Peuvrelle submitted several still images to the court, and O’Keefe said she chose the “least inflammatory” photo. Sanger said he argued for a stipulation, but that Peuvrelle would not agree to it. Peuvrelle noted he also submitted cut video clips showing Flores’ face that were not accepted into evidence.
Defense Casts Doubt on DNA Expert Testimony
Earlier Tuesday, Angela Butler, a senior forensic DNA analyst with the Serological Research Institute in Richmond, concluded her testimony after a lengthy cross-examination from the defense.
Sanger focused largely on the fact that there were no “validation studies” on the accuracy of the human blood protein test Butler’s lab uses to confirm blood from soil.
But Butler said a validation study specific to soil isn’t necessary. “It’s impossible to have a validation study for every forensic sample,” she said, adding that the lack of such a study “does not negate your results.”

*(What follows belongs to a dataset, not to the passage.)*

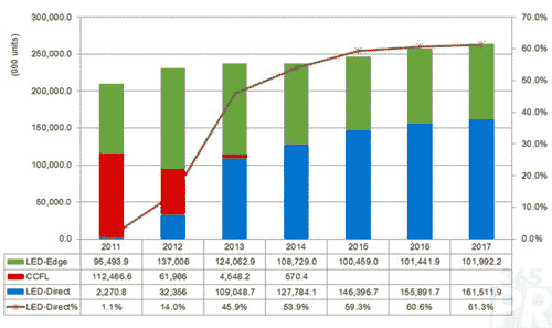 NPD DisplaySearch表示,自2011年開始的直下式背光模塊的概念是取代傳統(tǒng)的CCFl背光模塊,主要原理是犧牲掉厚度而得到較好的成本優(yōu)勢(shì)。不過隨著技術(shù)越來越進(jìn)步,當(dāng)厚度已經(jīng)只需要犧牲一些或是厚度和側(cè)入式的背光一樣薄的時(shí)候,直下式背光模塊成本上的優(yōu)勢(shì)及其他優(yōu)勢(shì),例如易于做窄邊框、適合做local dimming會(huì)逐漸被侵蝕到側(cè)入式的高階機(jī)種中。側(cè)入式高階機(jī)種的主要的概念是不需犧牲厚度又可以降低成本。2013到2014年,直下式背光滲透率無(wú)意外地大幅提高,由45.9%提升至53.9%,年度成長(zhǎng)和2013年相比約為17.1%。
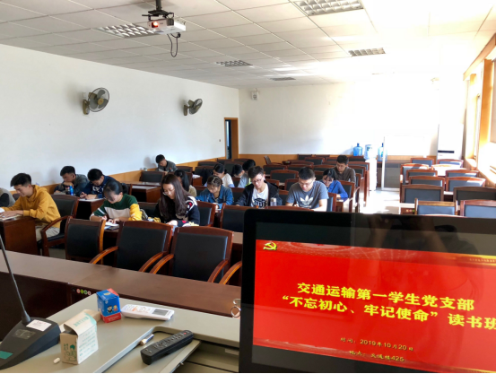 为贯彻学习习近平新时代中国特色社会主义思想积极响应全党开展不忘初心、牢记使命主题教育的号召,1020上午10点,交通运输第一学生党支部于交通楼425室召开“立德树人担使命”主题学习研讨交流会,并在会后开展了为期一小时的支部首次主题教育学习读书班活动。支部全体成员出席本次会议,支部书记石晓琪主持会议。

The lab practices quality control measures on each test lot it receives, Butler said, adding that existing validation tests quantify how much a sample can be diluted to still receive a positive reaction. Butler affirmed that neither Smart’s nor Paul Flores’ DNA could be included or excluded from the DNA mixture found on the small brown stain on a canvas mattress pad sent to her lab by the Sheriff’s Office. It was presumably taken from Flores’ residence hall room.
The mixture likely included DNA profiles from three people, one of them male, Butler confirmed, but the profiles could only include either Paul Flores or Smart — not both.
“If it were one, then it could not have been the other, right?” Sanger asked. “Yes,” Butler responded.
On cross examination, Mesick confirmed that Butler did not check the pH of the soil samples before testing them — something Butler said is not required. When asked, Butler said that the blood found on the soil could have been from a human, a ferret or a primate because no DNA evidence could be found.
Defense Asks For Mistrial Following Heated Moment in Court
Sanger attempted to move for a mistrial Tuesday, alleging the prosecution engaged in misconduct when questioning a Sheriff’s Office detective. The judge ultimately denied the motion during a brief proceeding outside of the presence of the jury.
The motion came after a heated moment in the courtroom between Sanger and Peuvrelle while questioning Det. Clint Cole about a white truck owned by Paul Flores. Cole confirmed the white Nissan truck was two-wheel drive, and currently in the custody of the Sheriff’s Office.
Sanger asked Cole on cross-examination if he knew whether the truck had been raised or modified since 1996. Cole replied he had no personal knowledge of that and did not see any evidence.
Next, Peuvrelle asked Cole if he was present in the courtroom when witness Jennifer Hudson testified the truck she saw Flores drive appeared to be four-wheel drive. This drew a passionate objection from Sanger, shouting “Mr. Peuvrelle knows better than that. I have a motion” over Peuvrelle. The prosecutor quipped back, “He opened the door, your honor.”
O’Keefe quickly excused the jury to address the objection on the record. Sanger alleged Peuvrelle “not only asked what he knew was a leading question, he also asked a misleading question and asked a second question while the objection was still pending.” He called Peuvrelle’s actions “prosecutorial misconduct” and motioned for a mistrial in the case. “This isn’t ‘Law and Order,’ ” Sanger said.
The defense attorney called the question “totally inappropriate” because the question implied Hudson saw Flores’ specific truck, adding that Peuvrelle “knows that Jennifer Hudson has committed perjury.” Peuvrelle said there was no misconduct, and that he was simply responding to a question asked by Sanger.
He also noted Hudson testified that she saw what appeared to be a four-wheel-drive truck, calling the question he asked “fair game.” Mesick did not join Sanger’s motion, and O’Keefe ultimately denied it.
Court is expected to resume Wednesday morning with the defense’s first witness.